#### Description of the task
Strip out the pictures and output each remaining line of the data word for word.

--- Data supplied Enclosed Below ---

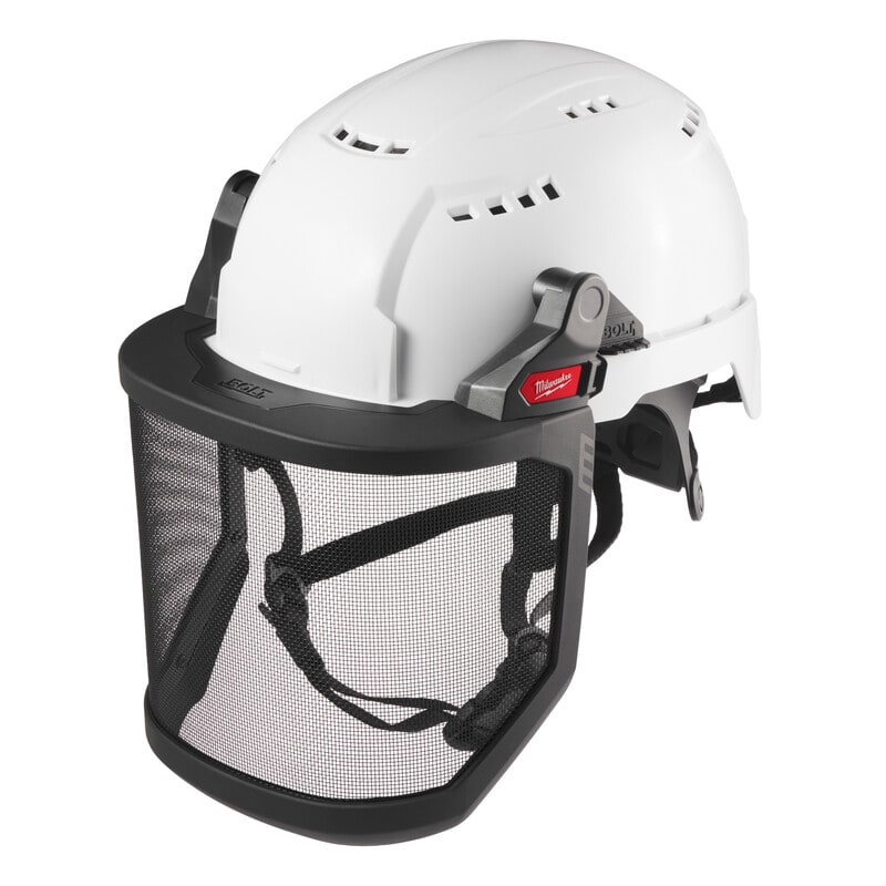 MILWAUKEE® BOLT™ -Verkkovisiiri. BOLT™-järjestelmä takaa yhteensopivuuden kypärän ja käyttöyhteystuotteen välillä helpon liitäntäjärjestelmän kautta - saatavilla laaja valikoima BOLT™-käyttöyhteystuotteita. Yhteensopiva BOLT™-kypärävalaisimen kanssa, jolloin kasvosuoja voidaan nostaa ylös vaikka valaisin olisi kiinnitettynä kypärään. Todella helppo käyttöönotto ja irrotus. Kompakti versio sisältää ohuemman ja kompaktimman muotoilun, yhteensopiva vain BOLT™ 200 -kypärän kanssa. Yleismallinen verkkovisiiri voidaan liittää BOLT™ 100- ja BOLT™ 200 -kypäriin helpon liitäntäjärjestelmän ansiosta. Verkkovisiirin iskunkestävyys on F standardin EN 1731 mukainen teräsverkko, jolloin verkkovisiiri on ihanteellinen ulkokäyttöön, puutarhanhoitoon ja huoltotöihin. Verkkovisiirissä on valonläpäisy > 60 %.
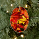 Farbige Blätter im Herbst, goldfarbenes orangefarb Keramikornament
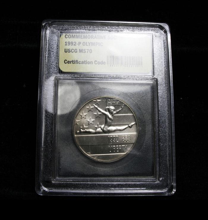 The 1992 Olympic Half Dollar was issued along with separate gold and silver coins for the 1992 Olympic Games. The summer games were held in Barcelona, Spain and the winter games were held in Albertville and Savoie, France. The commemorative coin issues were used to raise money to train American athletes. This example has been graded ms70 by USCG. PCGS lists an ms70 at $360. Estimated Value $100
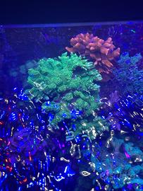 Descrizione: Corallo SPS tra i più iconici e spettacolari, noto per i suoi rami sottili e densi ricoperti da polipi colorati che si muovono con la corrente.
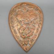 Koperen wandschild met reliëfdecor: strijdende cavalerie, 65 x 45 cm
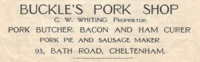 Mr Whiting and his son Vic made their own pork pies, which were baked for them at Cripps Bakery (see 161 Bath Road). The pork butcher sold only pork products and every part of the pig was used. The Whitings were known for their excellent pork sausages. After Charles died Vic carried on the family business, still trading in his father’s name, finally relocating from Bath Road to the town centre in the early 1950s.
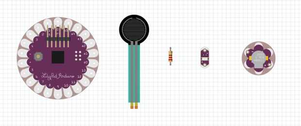 Todos los materiales de tecnología fueron ordenados de Sparkfun y los otros materiales eran de Telas de Joann.
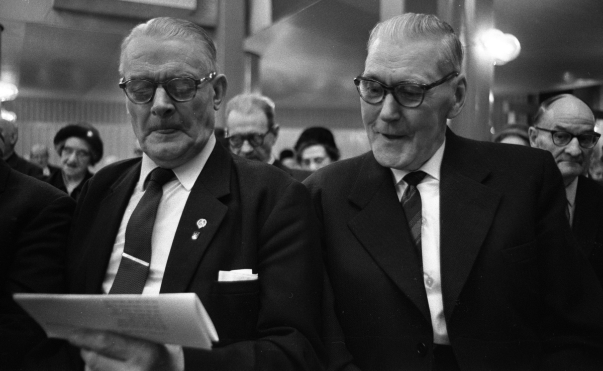 I förgrunden på bilden syns det två herrar som sitter bredvid varandra. Båda bär glasögon och är klädda i mörka kostymer, ljusa skjortor med mörk slips. Herren som sitter till vänster på bilden håller i sin vänstra hand ett sånghäfte. Han sjunger. I bakgrunden på bilden skymtar det andra herrar och damer. Damerna på bilden bär glasögon och har hattar på sig.

--- End of Enclosed Data supplied ---

#### Finished exercise
 MILWAUKEE® BOLT™ -Verkkovisiiri. BOLT™-järjestelmä takaa yhteensopivuuden kypärän ja käyttöyhteystuotteen välillä helpon liitäntäjärjestelmän kautta - saatavilla laaja valikoima BOLT™-käyttöyhteystuotteita. Yhteensopiva BOLT™-kypärävalaisimen kanssa, jolloin kasvosuoja voidaan nostaa ylös vaikka valaisin olisi kiinnitettynä kypärään. Todella helppo käyttöönotto ja irrotus. Kompakti versio sisältää ohuemman ja kompaktimman muotoilun, yhteensopiva vain BOLT™ 200 -kypärän kanssa. Yleismallinen verkkovisiiri voidaan liittää BOLT™ 100- ja BOLT™ 200 -kypäriin helpon liitäntäjärjestelmän ansiosta. Verkkovisiirin iskunkestävyys on F standardin EN 1731 mukainen teräsverkko, jolloin verkkovisiiri on ihanteellinen ulkokäyttöön, puutarhanhoitoon ja huoltotöihin. Verkkovisiirissä on valonläpäisy > 60 %.
 Farbige Blätter im Herbst, goldfarbenes orangefarb Keramikornament
 The 1992 Olympic Half Dollar was issued along with separate gold and silver coins for the 1992 Olympic Games. The summer games were held in Barcelona, Spain and the winter games were held in Albertville and Savoie, France. The commemorative coin issues were used to raise money to train American athletes. This example has been graded ms70 by USCG. PCGS lists an ms70 at $360. Estimated Value $100
 Descrizione: Corallo SPS tra i più iconici e spettacolari, noto per i suoi rami sottili e densi ricoperti da polipi colorati che si muovono con la corrente.
 Koperen wandschild met reliëfdecor: strijdende cavalerie, 65 x 45 cm
 Mr Whiting and his son Vic made their own pork pies, which were baked for them at Cripps Bakery (see 161 Bath Road). The pork butcher sold only pork products and every part of the pig was used. The Whitings were known for their excellent pork sausages. After Charles died Vic carried on the family business, still trading in his father’s name, finally relocating from Bath Road to the town centre in the early 1950s.
 Todos los materiales de tecnología fueron ordenados de Sparkfun y los otros materiales eran de Telas de Joann.
 I förgrunden på bilden syns det två herrar som sitter bredvid varandra. Båda bär glasögon och är klädda i mörka kostymer, ljusa skjortor med mörk slips. Herren som sitter till vänster på bilden håller i sin vänstra hand ett sånghäfte. Han sjunger. I bakgrunden på bilden skymtar det andra herrar och damer. Damerna på bilden bär glasögon och har hattar på sig.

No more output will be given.